■ **YOUR ASSIGNMENT**
Repeat the records below exactly from the line containing "Featuring your furry" to the line containing "In 1967[2], Pilot", taking in both of those lines. Drop the pictures.

■ **EXTRACTED DATA**
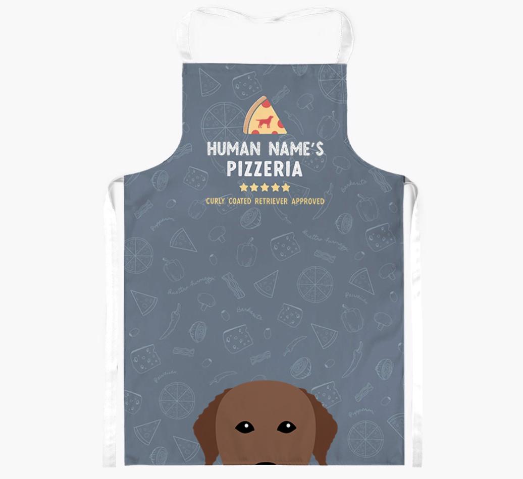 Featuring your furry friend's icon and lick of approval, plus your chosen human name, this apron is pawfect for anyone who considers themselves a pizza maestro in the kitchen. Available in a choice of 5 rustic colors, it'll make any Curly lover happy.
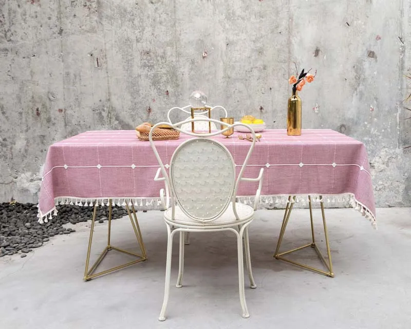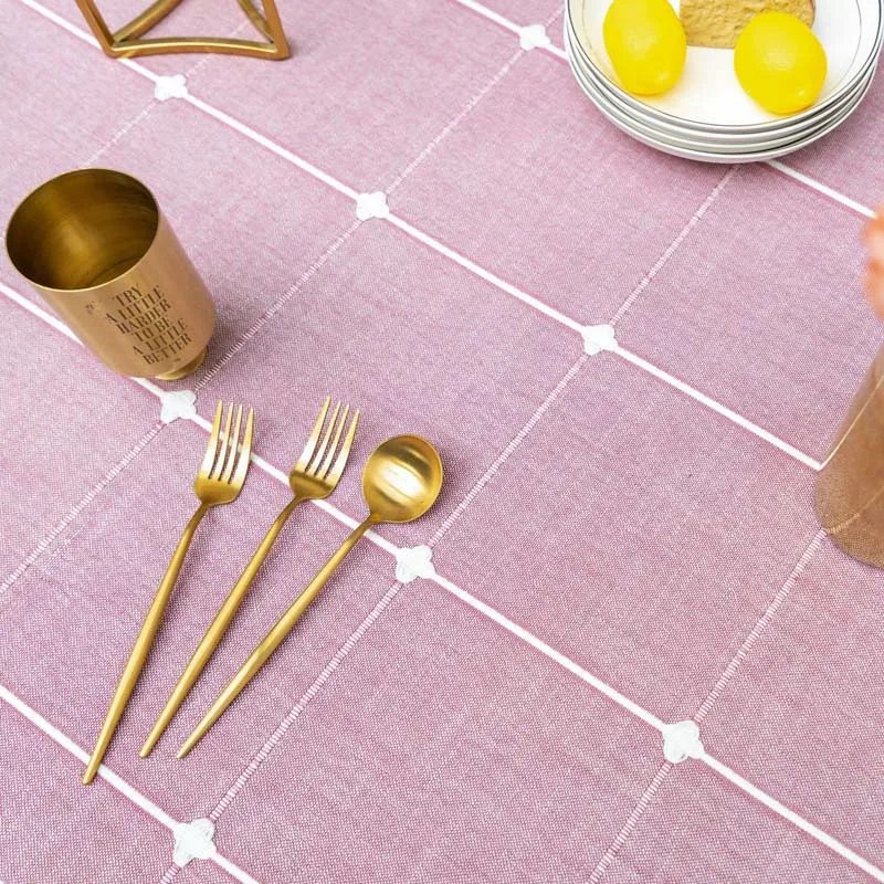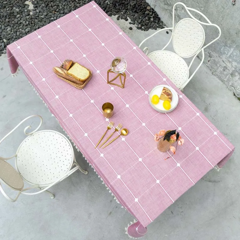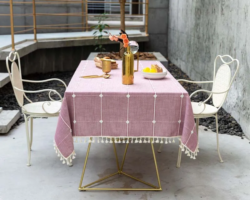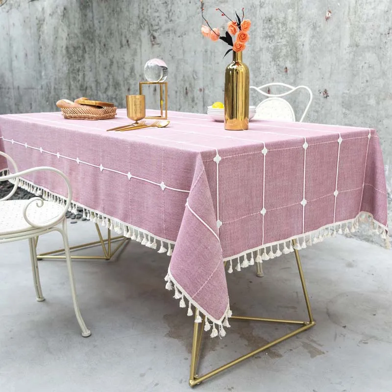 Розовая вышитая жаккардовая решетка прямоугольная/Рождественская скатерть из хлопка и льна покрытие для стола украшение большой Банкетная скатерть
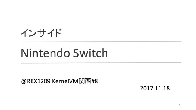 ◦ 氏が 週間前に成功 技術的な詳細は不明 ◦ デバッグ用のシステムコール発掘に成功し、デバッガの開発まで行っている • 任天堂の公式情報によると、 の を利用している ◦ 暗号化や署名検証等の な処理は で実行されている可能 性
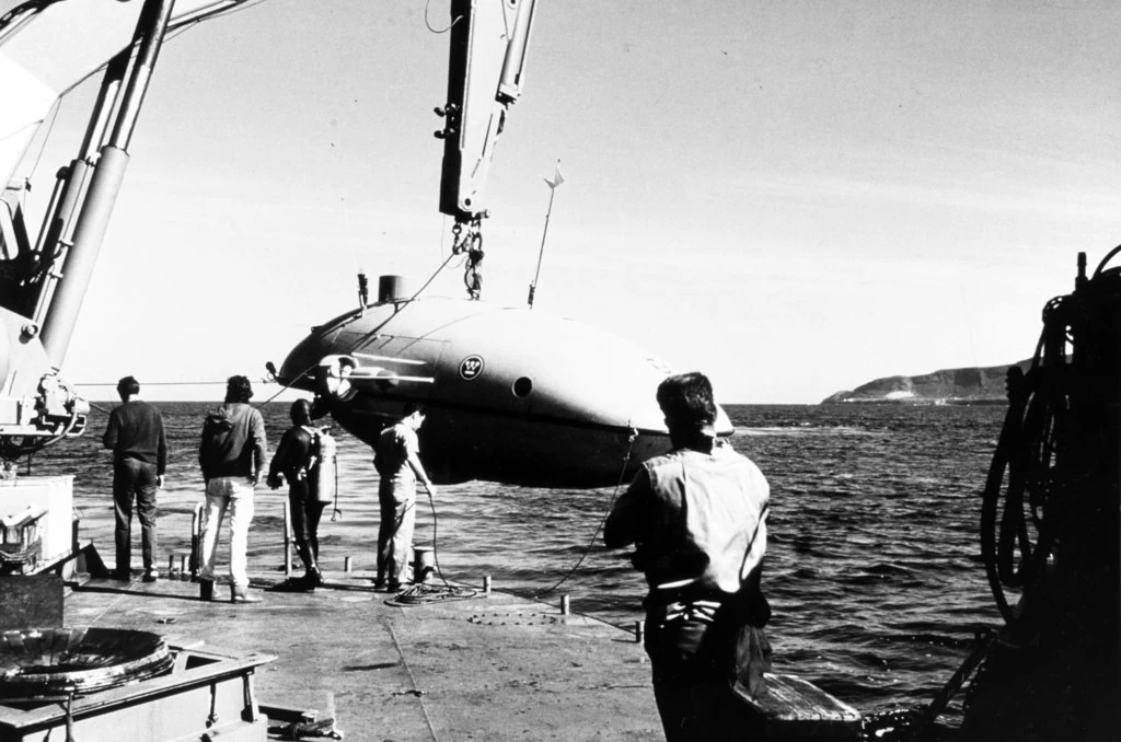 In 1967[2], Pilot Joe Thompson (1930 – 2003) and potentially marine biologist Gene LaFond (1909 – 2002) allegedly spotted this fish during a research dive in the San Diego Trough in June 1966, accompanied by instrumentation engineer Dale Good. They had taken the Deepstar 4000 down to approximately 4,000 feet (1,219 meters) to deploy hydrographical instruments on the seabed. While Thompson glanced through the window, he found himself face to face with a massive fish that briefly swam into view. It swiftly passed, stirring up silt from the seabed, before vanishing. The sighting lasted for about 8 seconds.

* * *

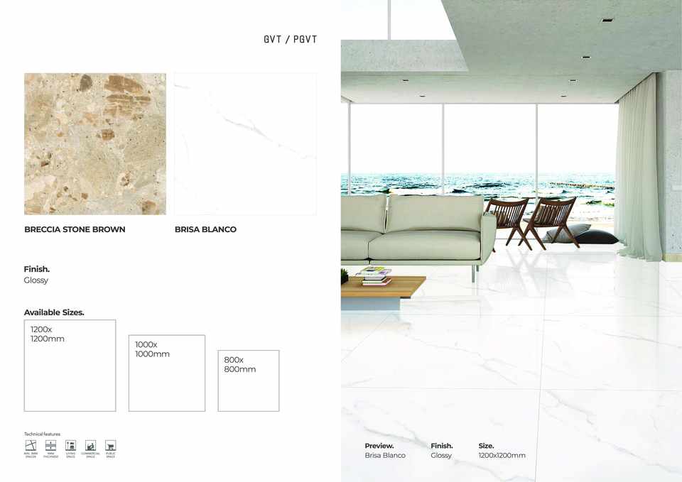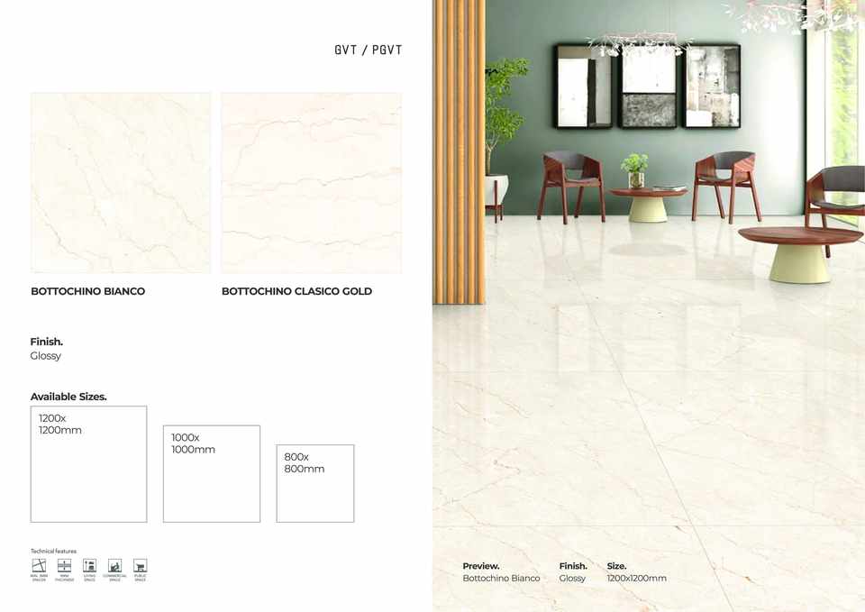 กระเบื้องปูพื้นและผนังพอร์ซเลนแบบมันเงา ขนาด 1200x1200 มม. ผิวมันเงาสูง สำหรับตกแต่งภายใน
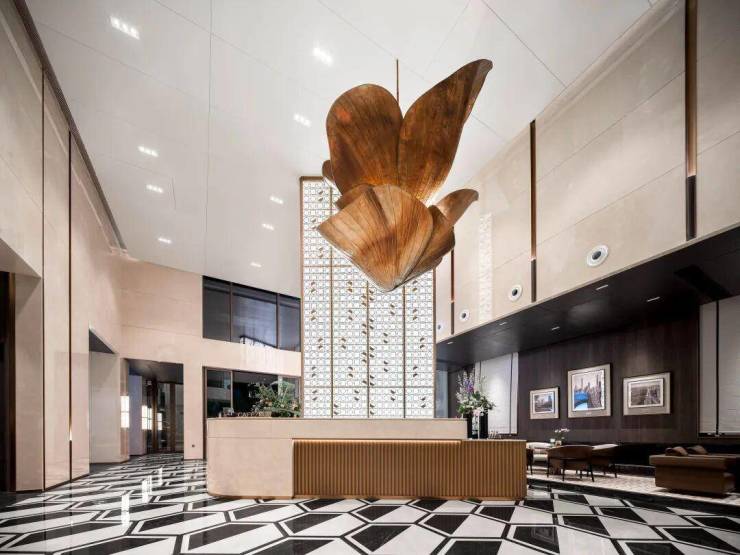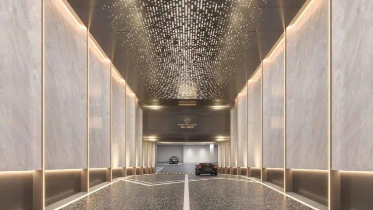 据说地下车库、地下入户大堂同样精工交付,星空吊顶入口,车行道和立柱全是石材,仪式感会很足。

■ **EXERCISE OUTPUT**
 Featuring your furry friend's icon and lick of approval, plus your chosen human name, this apron is pawfect for anyone who considers themselves a pizza maestro in the kitchen. Available in a choice of 5 rustic colors, it'll make any Curly lover happy.
 Розовая вышитая жаккардовая решетка прямоугольная/Рождественская скатерть из хлопка и льна покрытие для стола украшение большой Банкетная скатерть
 ◦ 氏が 週間前に成功 技術的な詳細は不明 ◦ デバッグ用のシステムコール発掘に成功し、デバッガの開発まで行っている • 任天堂の公式情報によると、 の を利用している ◦ 暗号化や署名検証等の な処理は で実行されている可能 性
 In 1967[2], Pilot Joe Thompson (1930 – 2003) and potentially marine biologist Gene LaFond (1909 – 2002) allegedly spotted this fish during a research dive in the San Diego Trough in June 1966, accompanied by instrumentation engineer Dale Good. They had taken the Deepstar 4000 down to approximately 4,000 feet (1,219 meters) to deploy hydrographical instruments on the seabed. While Thompson glanced through the window, he found himself face to face with a massive fish that briefly swam into view. It swiftly passed, stirring up silt from the seabed, before vanishing. The sighting lasted for about 8 seconds.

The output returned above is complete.